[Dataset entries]
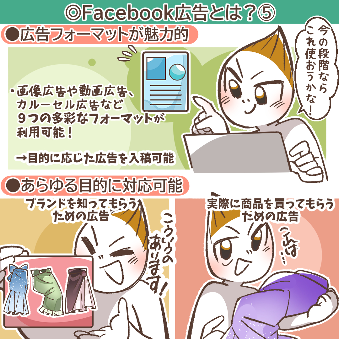 Facebook広告には画像広告や動画広告、カルーセル広告など9つの多彩なフォーマットが利用可能です。
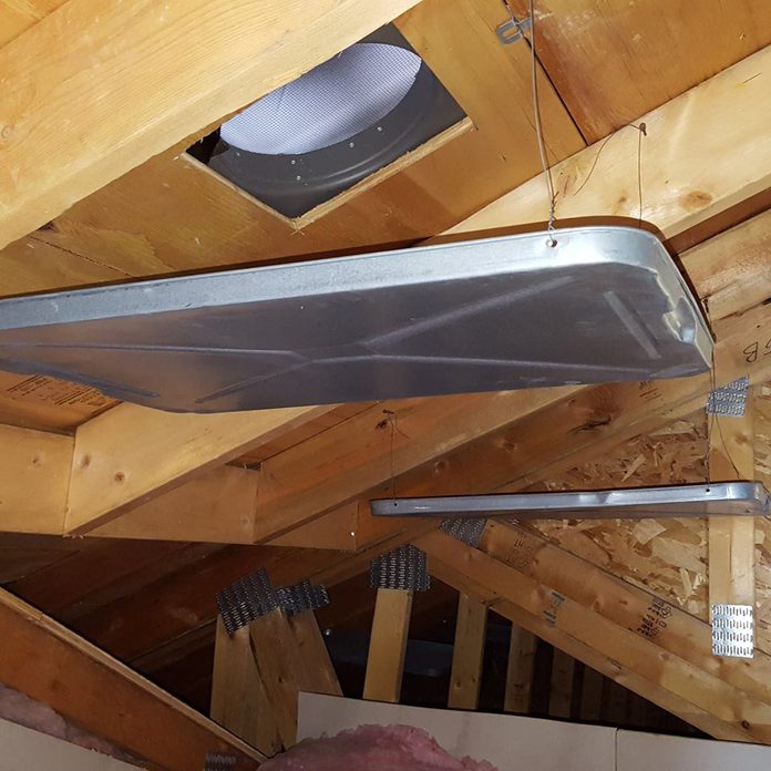 This looks like an elaborate way to capture rain that gets blown into the attic. But that shouldn’t happen with a attic roof vent. Here’s how to reduce cooling bills and prevent ice dams from forming with some attic venting tips.
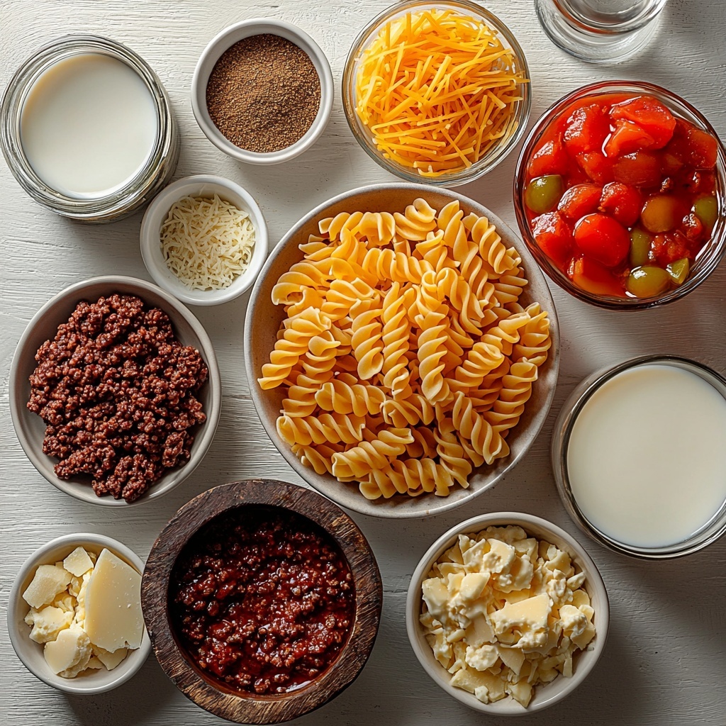 These ingredients are wonderfully simple yet each plays a key role in building the depth, texture, and vibrant flavors that make this One-Pot Cheesy Taco Pasta Recipe so irresistible. From aromatic spices to creamy cheeses and hearty pasta, every element works in harmony to create an unforgettable dish.
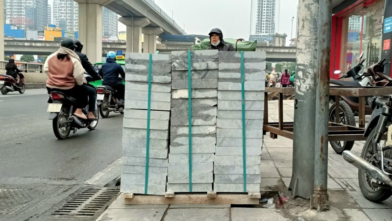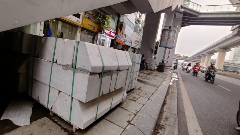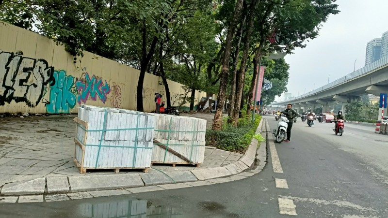 Tại con phố Nguyễn Trãi (quận Thanh Xuân), hàng loạt các đống gạch đang được xếp dọc cả tuyến phố. Những chồng gạch này sẽ được chuẩn bị cho quá trình lát lại vỉa hè đã bị hư hỏng nặng.
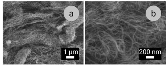 Scanning electron microscopy images of as-received MWCNTs at: (a) lower (10.00 K) and (b) higher (50.00 K) magnifications.
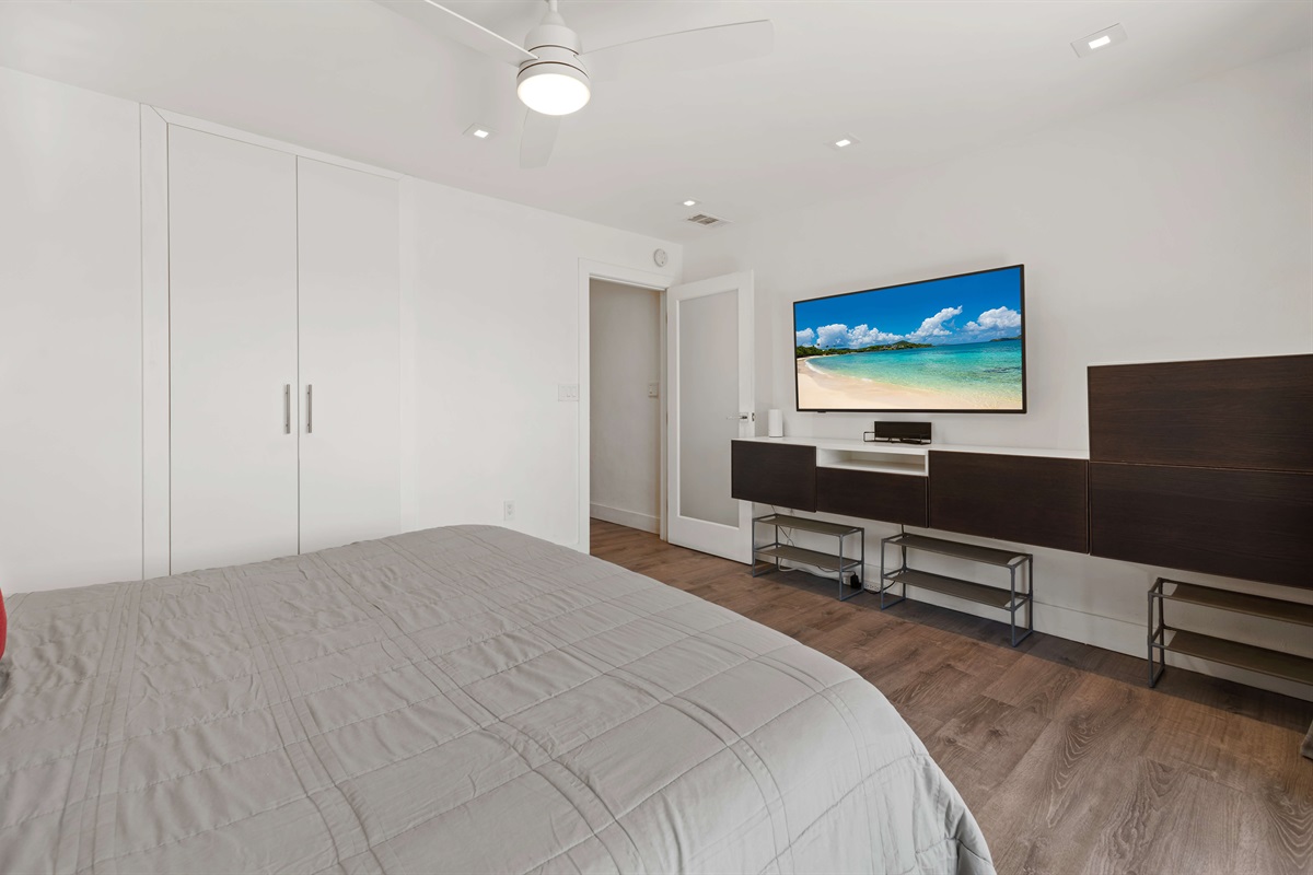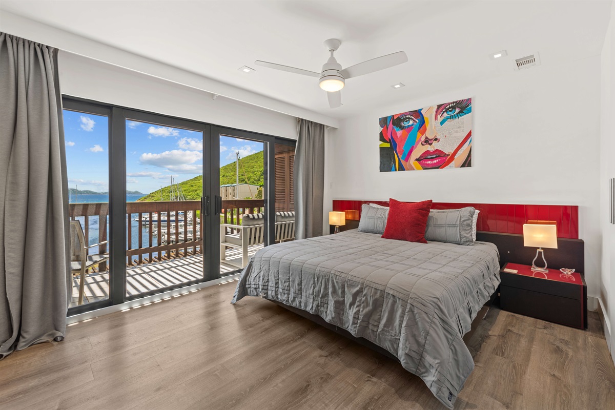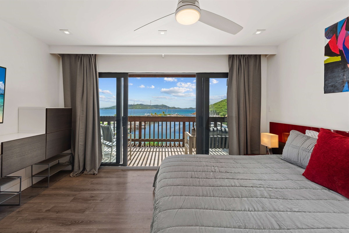 Bedroom 1 - Primary with king bed, ceiling fan, Smart TV, sliders leading to balcony with seating
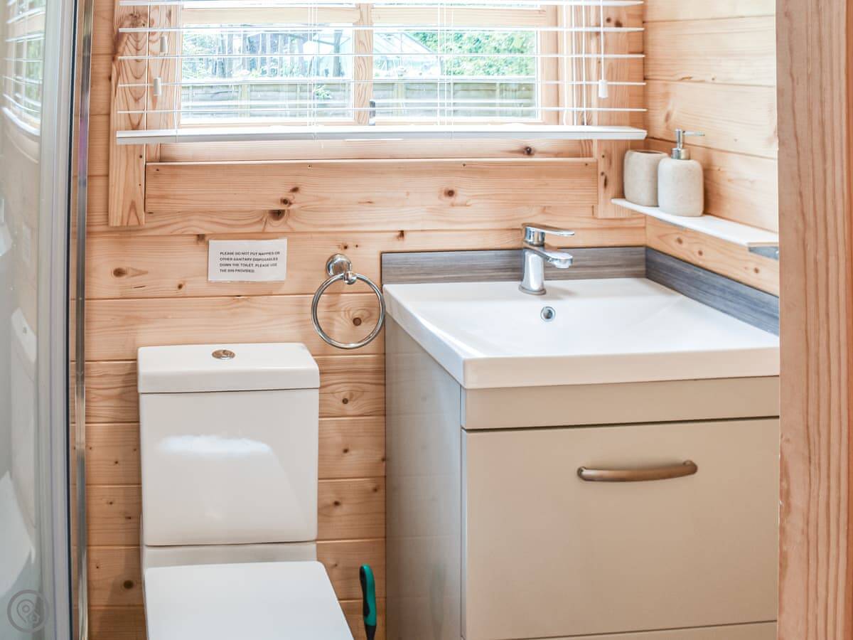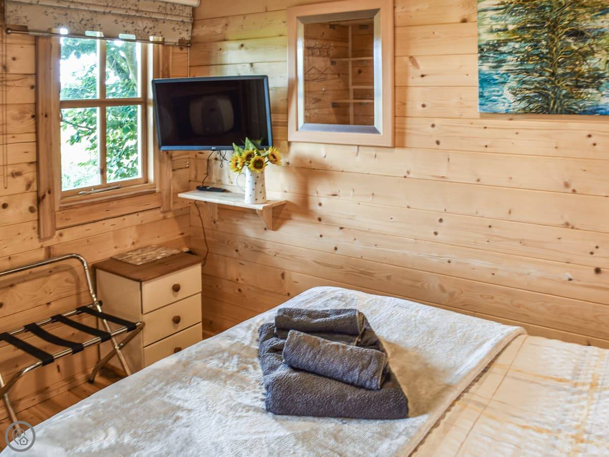 There's a fenced-off private area around the lodge with a gate, so it's secluded. You've got a bit of lawn and a bistro table and chairs outside. Inside, it's open plan with a small kitchen and a breakfast bar. There's a smart TV you can watch from the sofa or the bed. WiFi is included.

* **What the exercise asks**
Beginning with the line that holds "Bedroom 1 - Primary", return each line through the end of the records above exactly. Do not include pictures.

* **Solution**
 Bedroom 1 - Primary with king bed, ceiling fan, Smart TV, sliders leading to balcony with seating
 There's a fenced-off private area around the lodge with a gate, so it's secluded. You've got a bit of lawn and a bistro table and chairs outside. Inside, it's open plan with a small kitchen and a breakfast bar. There's a smart TV you can watch from the sofa or the bed. WiFi is included.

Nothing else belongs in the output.